- Opening Delimiter -
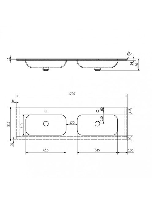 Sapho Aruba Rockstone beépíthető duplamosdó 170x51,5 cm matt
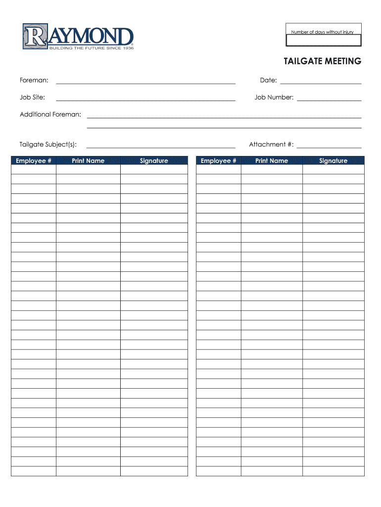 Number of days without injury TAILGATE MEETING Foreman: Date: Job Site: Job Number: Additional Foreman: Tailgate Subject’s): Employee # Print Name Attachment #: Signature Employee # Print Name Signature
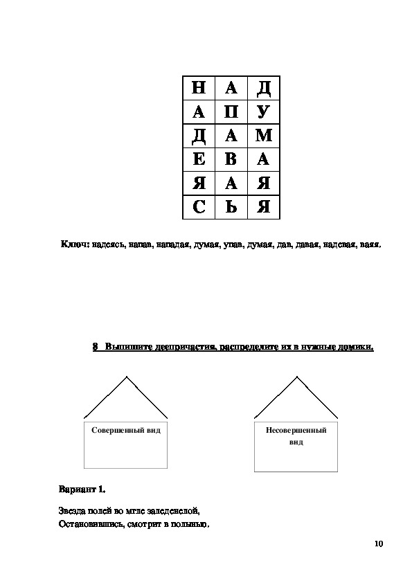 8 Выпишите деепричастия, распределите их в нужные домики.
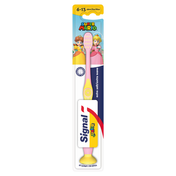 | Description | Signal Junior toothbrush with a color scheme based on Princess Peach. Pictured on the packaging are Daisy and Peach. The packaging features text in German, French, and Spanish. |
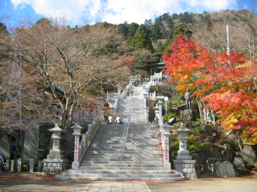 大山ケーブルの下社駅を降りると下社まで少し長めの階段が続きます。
- Closing Delimiter -
* **Task to complete**
Ignoring the pictures, write out word for word only the lines from the one containing "and Spanish. |" through the last line of the data, both ends included.

* **Solved problem**
 | Description | Signal Junior toothbrush with a color scheme based on Princess Peach. Pictured on the packaging are Daisy and Peach. The packaging features text in German, French, and Spanish. |
 大山ケーブルの下社駅を降りると下社まで少し長めの階段が続きます。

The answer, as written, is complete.